Thanks @Melinda i would definitely do that. Thx for the info!!


----------



## GerharddP (17/10/14)

I bought a zna 30 from them today and if I take 1 or 2 puffs it says too hot and shuts off. Taking it back tomorrow


----------



## VapeSnow (17/10/14)

GerharddP said:


> I bought a zna 30 from them today and if I take 1 or 2 puffs it says too hot and shuts off. Taking it back tomorrow


Looks like both there new electronic mods is bad clones!?


----------



## VapeSnow (17/10/14)

Dont get me wrong there service is great and this can happen to anybody. They bought bad clones.

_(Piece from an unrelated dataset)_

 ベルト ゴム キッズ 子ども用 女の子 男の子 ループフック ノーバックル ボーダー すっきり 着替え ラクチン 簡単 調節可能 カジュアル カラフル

Reactions: Like 1 | Agree 2


----------



## GerharddP (17/10/14)

The build quality is realy good except for the guts it seems


----------



## VapeSnow (17/10/14)

GerharddP said:


> The build quality is realy good except for the guts it seems


I cant even test my guts lol


----------



## TylerD (17/10/14)

This sucks! Hope you guys sort it out.

Reactions: Like 2


----------



## GerharddP (17/10/14)

Sure that we will. They have realy good service there

Reactions: Like 1 | Agree 1


----------



## Dr Phil (17/10/14)

My good friend had the same problem with the zna 30w mod clone. They have fantastic service I don't know y they just don't stock the hana modz clones they sell well and are not bad at all.

Reactions: Like 1


----------



## kevkev (17/10/14)

@VapeSnow man that sucks. Is the 510 stripped or does your atties just not screw in properly like the issues with some Reo's?


----------



## kimbo (17/10/14)

dr phil said:


> My good friend had the same problem with the zna 30w mod clone. They have fantastic service I don't know y they just don't stock the hana modz clones they sell well and are not bad at all.

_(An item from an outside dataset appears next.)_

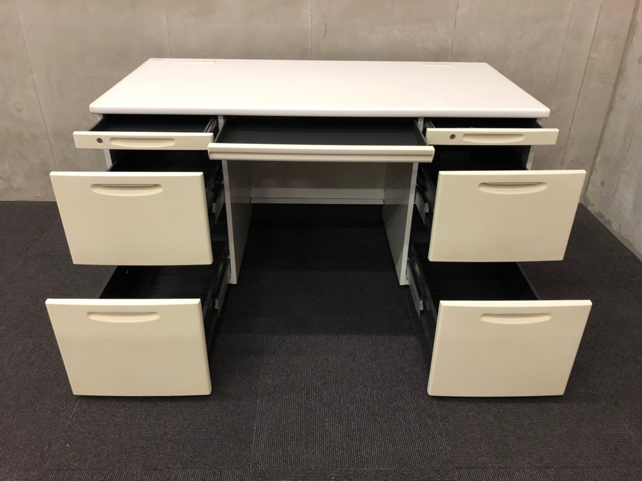 【倉庫在庫品】引出7個の大容量!永遠の定番両袖机※ホワイトカラー◆オカムラ製- 春日部・越谷店

I have the same with mine but i cant take it back i bought it in china. I am very keen to open it i think it is more of a build quality thing, maybe a dry joint or something. I will keep the forum posted


----------



## VapeSnow (17/10/14)

kevkev said:


> @VapeSnow man that sucks. Is the 510 stripped or does your atties just not screw in properly like the issues with some Reo's?


Hi buddy. No i cant even get my attys to turn in. And im not going to force it. It will strip and then a 2k mod in his moer. Lol


----------



## Dr Phil (17/10/14)

VapeSnow said:


> Hi buddy. No i cant even get my attys to turn in. And im not going to force it. It will strip and then a 2k mod in his moer. Lol


I have to agree with u spending 2k on a mod there should be no issues with the 510 connection ur tanks should just be sliding on for that price


----------



## kevkev (17/10/14)

VapeSnow said:


> Hi buddy. No i cant even get my attys to turn in. And im not going to force it. It will strip and then a 2k mod in his moer. Lol


Yup, also wont take a chance.


----------



## Silver (17/10/14)

One needs the retailers to sort out the good clones from the bad

Reactions: Agree 1


----------



## Dr Phil (17/10/14)

What I don't understand is my friend bought his zna 30w mod from them and had the "to hot issue". I don't know y they just don't pull them off the shelves


----------



## GerharddP (17/10/14)

Wish I knew about this beforehand..taking it back tomorrow if they are open to find one that works


----------



## VapeSnow (17/10/14)

GerharddP said:


> Wish I knew about this beforehand..taking it back tomorrow if they are open to find one that works


Good luck buddy. I think the batch they got is a faulty one. It has to be the problem with the chip.

Reactions: Like 2


----------



## GerharddP (17/10/14)

Thats so wrong...wetting another man's bat like that. I dont have safe chemistry batts you know. But thanks, guess its a refund then.


----------



## GerharddP (18/10/14)

Went to VK today, got my refund with no hassles at all. Thank you guys. You rock

Reactions: Like 2


----------



## VapeSnow (18/10/14)

When will they be back at vapeking?


----------



## GerharddP (18/10/14)

The guy at the shop said tomorrow but I dont know at what time. They are very helpfull though so you shouldnt have a problem im sure

Reactions: Like 2


----------



## JakesSA (19/10/14)

It does bring up one important question though, should a vendor test all items before shipping them?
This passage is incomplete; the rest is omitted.